The Fed Freaks Out the Markets, While FedEx Plays the Blame Game

Just like Seinfeld or milkshakes from Shake Shack, all good things must come to an end. And after jumping more than 270 points to start the week, the Dow Jones Industrial Average (DJINDICES: ^DJI  ) dropped 114 points Wednesday on some market-movin' fightin' words from the Federal Reserve.

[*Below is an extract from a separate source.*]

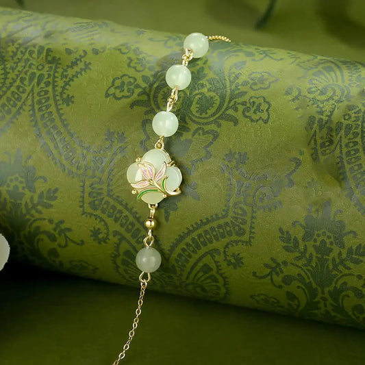 Buddha Stones 925 Sterling Silver Hetian Jade Magnolia Flower Butterfly Luck Chain Bracelet
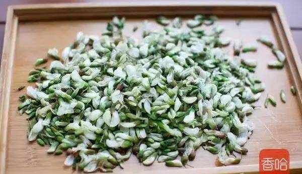 1.槐花摘掉枝幹和葉子,淘洗幹凈。

1. Yellen announces her first big stimulus cut
We haven't heard of any hazing stories ... yet. But the Federal Reserve's two-day, eight-times-per-year policy-setting meeting ended Wednesday -- and the culmination was new Chairwoman Janet Yellen's first major policy speech to the press, which featured some serious stimulus news.
 
Keep in mind that the stimulus juice Yellen's referring to is the Fed's third round of "quantitative easing" (aka "QE3"), a policy in which the nation's central bank purchases billions of bucks' worth of long-term bonds monthly, which drives down interest rates. Lower interest rates encourage consumers to borrow to spend money on economy-boosting goods, like shakeweights.
 
But stimulus' days are numbered. Just a few months ago, in December, after data showed the economy had improved throughout the year, then-Fed Chairman Ben "Gray Beard" Bernanke slowed QE by cutting monthly bond purchases from $85 billion to $75 billion. Then in January, it went from $75 billion to $65 billion. Now Yellen is in on the stimulus-cutting party, announcing Wednesday a drop in QE to $55 billion in purchases.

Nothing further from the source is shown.